* Your objective
Write out, from the entries below, exactly the lines that run between the lines holding "Wingate University Diploma" and "25 x Red Badge", inclusive, and stop there.

* Excerpted records
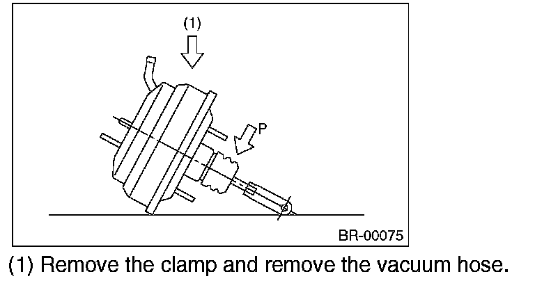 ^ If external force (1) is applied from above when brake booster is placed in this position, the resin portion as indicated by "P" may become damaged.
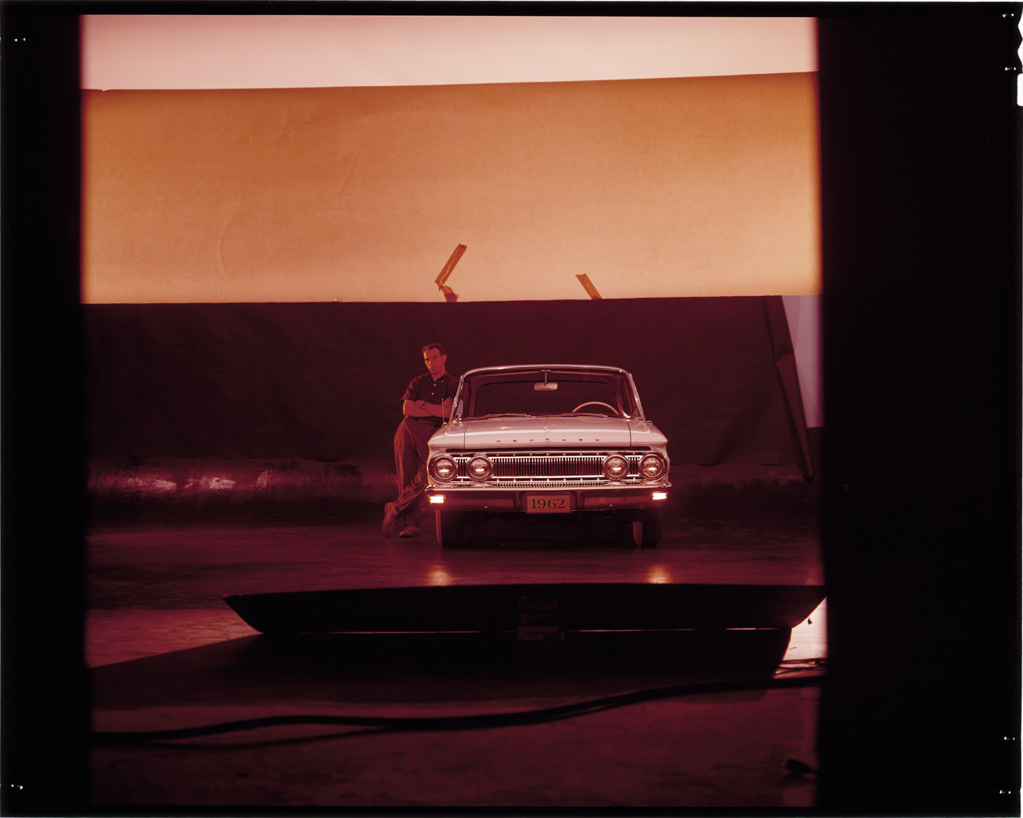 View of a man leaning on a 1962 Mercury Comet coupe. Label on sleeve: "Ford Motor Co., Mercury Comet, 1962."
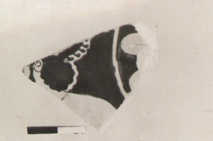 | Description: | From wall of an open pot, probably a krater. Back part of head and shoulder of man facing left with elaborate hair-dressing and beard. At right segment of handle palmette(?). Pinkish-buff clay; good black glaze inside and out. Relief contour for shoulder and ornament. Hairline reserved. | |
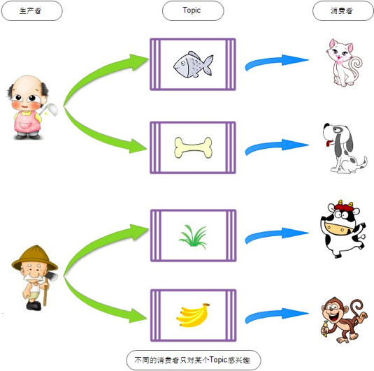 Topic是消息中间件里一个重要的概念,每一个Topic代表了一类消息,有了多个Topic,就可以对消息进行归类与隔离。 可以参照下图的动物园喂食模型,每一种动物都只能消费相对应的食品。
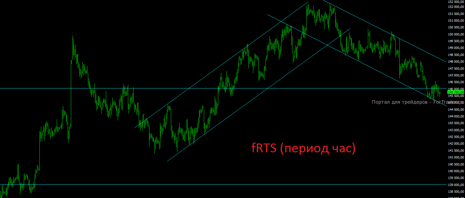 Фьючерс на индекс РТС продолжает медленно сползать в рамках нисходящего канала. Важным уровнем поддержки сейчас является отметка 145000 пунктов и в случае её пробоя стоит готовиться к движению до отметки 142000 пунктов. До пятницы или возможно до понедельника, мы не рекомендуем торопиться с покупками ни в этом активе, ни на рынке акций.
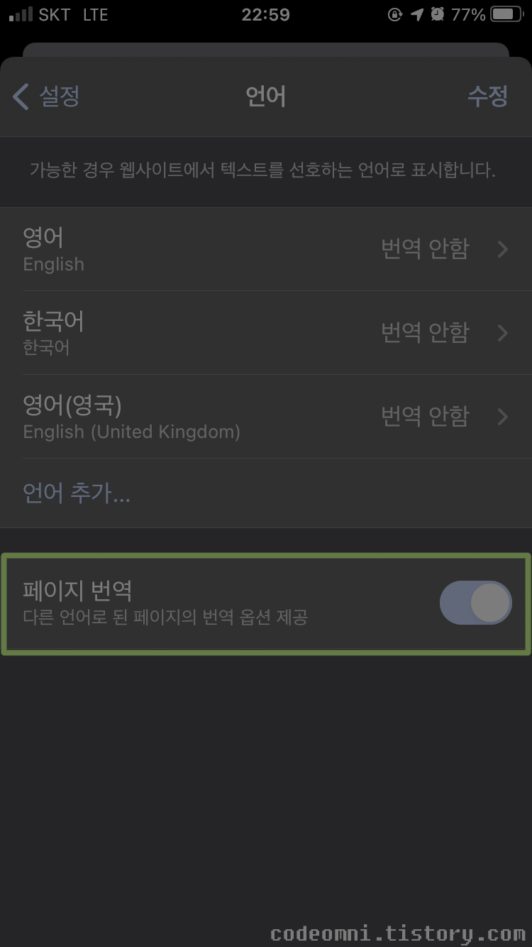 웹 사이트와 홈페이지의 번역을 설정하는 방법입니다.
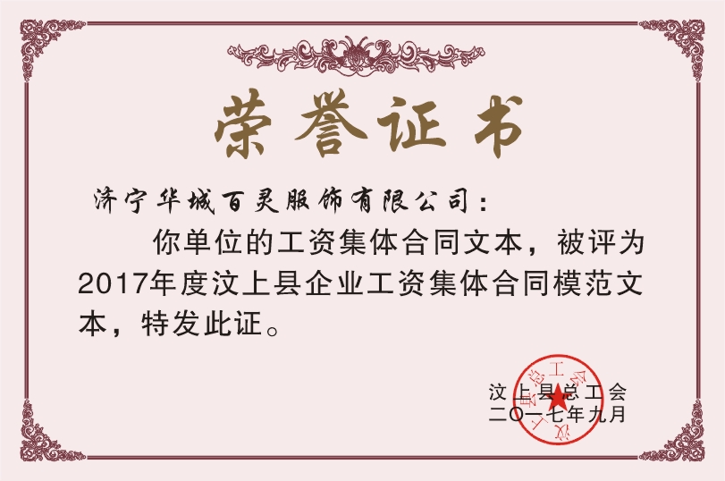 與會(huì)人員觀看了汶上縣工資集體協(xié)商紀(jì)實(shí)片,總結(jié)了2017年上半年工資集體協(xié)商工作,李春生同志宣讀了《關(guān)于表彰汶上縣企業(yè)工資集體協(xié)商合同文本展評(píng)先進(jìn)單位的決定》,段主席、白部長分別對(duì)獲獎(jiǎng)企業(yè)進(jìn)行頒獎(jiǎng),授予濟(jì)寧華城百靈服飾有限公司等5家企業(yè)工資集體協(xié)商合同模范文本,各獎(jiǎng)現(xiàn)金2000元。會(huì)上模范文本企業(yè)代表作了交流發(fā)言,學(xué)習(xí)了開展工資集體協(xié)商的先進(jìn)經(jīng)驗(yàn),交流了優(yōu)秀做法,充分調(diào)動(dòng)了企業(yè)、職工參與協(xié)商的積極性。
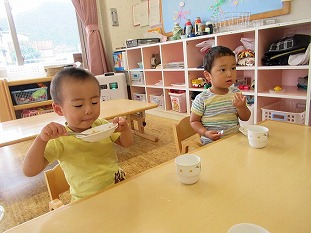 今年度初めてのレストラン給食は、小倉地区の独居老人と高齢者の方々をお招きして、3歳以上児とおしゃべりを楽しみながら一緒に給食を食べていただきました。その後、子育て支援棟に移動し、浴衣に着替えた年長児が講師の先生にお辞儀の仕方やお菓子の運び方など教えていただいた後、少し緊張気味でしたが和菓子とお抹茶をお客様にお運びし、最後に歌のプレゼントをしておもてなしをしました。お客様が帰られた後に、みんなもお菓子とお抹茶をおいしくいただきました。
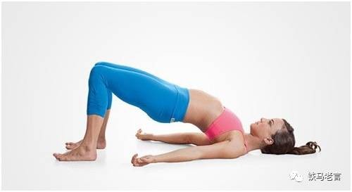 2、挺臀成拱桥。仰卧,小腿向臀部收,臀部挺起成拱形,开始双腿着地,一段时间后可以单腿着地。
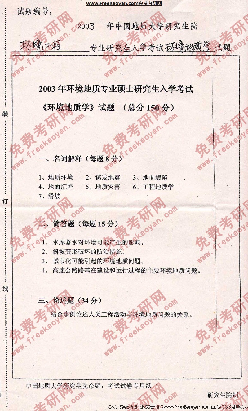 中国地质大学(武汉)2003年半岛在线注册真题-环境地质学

==

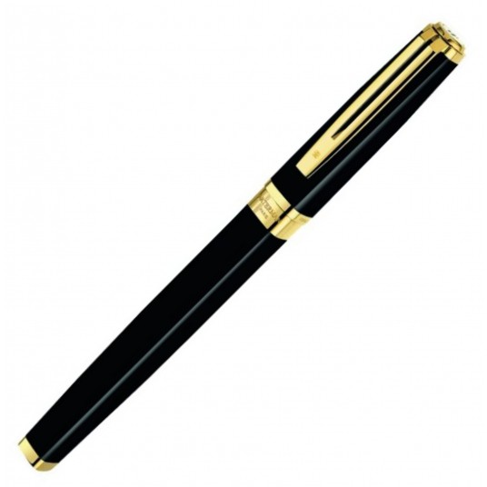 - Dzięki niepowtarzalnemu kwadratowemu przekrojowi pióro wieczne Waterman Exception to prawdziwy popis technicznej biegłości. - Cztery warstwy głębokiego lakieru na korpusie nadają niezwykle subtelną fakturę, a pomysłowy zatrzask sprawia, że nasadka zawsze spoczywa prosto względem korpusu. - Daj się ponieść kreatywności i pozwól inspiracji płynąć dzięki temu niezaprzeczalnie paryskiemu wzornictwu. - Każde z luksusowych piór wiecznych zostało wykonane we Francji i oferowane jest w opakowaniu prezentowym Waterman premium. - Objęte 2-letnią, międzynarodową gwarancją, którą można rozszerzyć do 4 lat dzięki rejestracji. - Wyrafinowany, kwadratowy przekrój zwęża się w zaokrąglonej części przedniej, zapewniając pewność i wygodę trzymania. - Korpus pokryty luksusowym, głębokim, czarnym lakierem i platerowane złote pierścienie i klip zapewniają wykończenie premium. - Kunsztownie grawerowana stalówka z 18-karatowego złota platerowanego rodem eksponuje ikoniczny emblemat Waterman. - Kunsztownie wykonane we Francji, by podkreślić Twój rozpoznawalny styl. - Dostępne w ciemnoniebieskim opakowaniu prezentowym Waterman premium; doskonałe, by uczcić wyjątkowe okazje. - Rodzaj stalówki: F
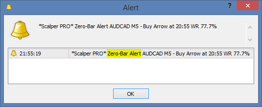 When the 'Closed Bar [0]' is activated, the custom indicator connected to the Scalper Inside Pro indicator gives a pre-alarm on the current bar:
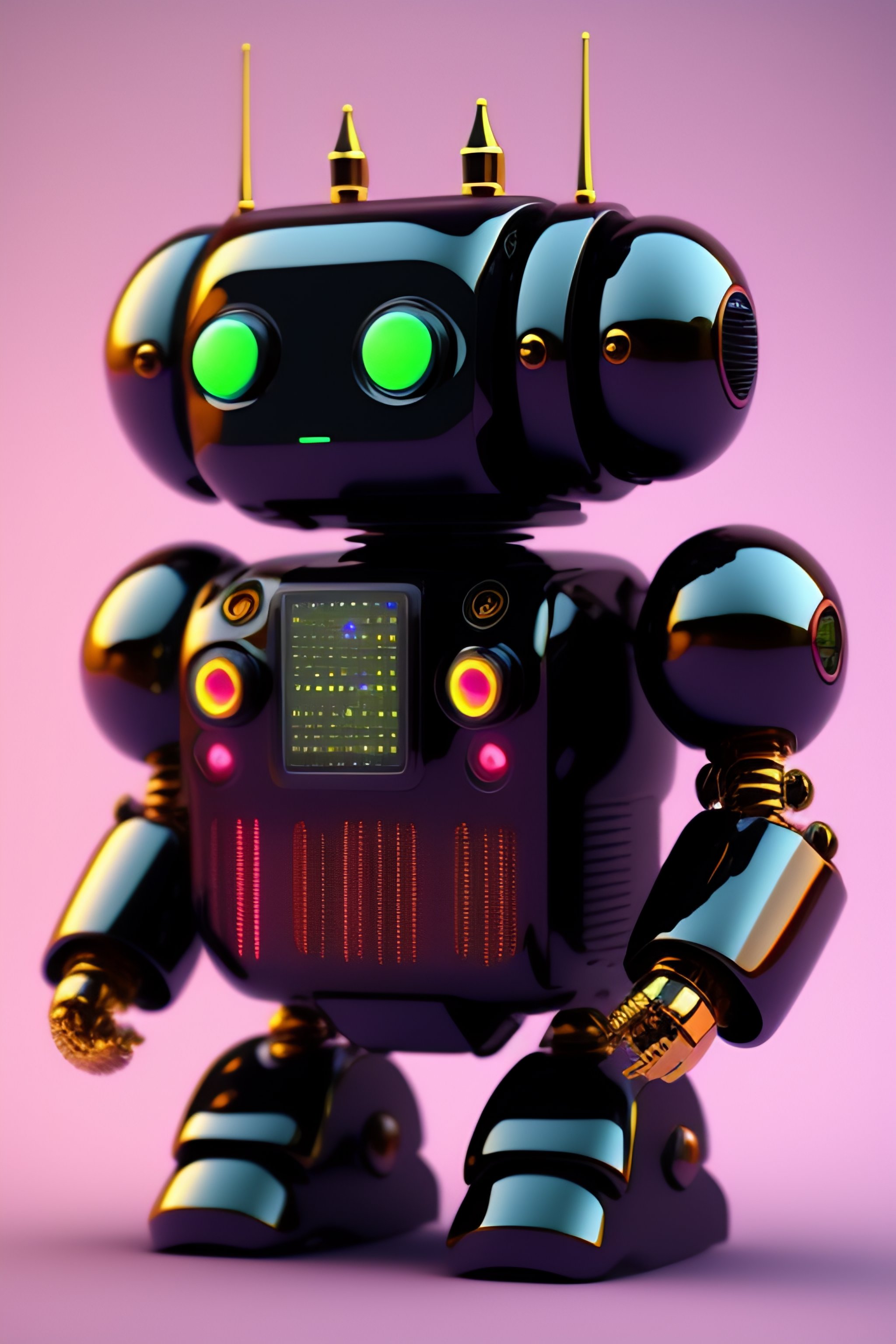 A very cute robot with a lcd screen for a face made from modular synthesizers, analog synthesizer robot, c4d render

* * *

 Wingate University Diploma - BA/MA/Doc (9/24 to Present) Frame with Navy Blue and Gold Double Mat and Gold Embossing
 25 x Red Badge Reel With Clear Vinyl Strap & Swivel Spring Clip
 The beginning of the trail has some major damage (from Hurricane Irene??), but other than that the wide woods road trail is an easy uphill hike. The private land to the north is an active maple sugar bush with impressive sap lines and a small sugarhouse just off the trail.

* Exercise result
 Wingate University Diploma - BA/MA/Doc (9/24 to Present) Frame with Navy Blue and Gold Double Mat and Gold Embossing
 25 x Red Badge Reel With Clear Vinyl Strap & Swivel Spring Clip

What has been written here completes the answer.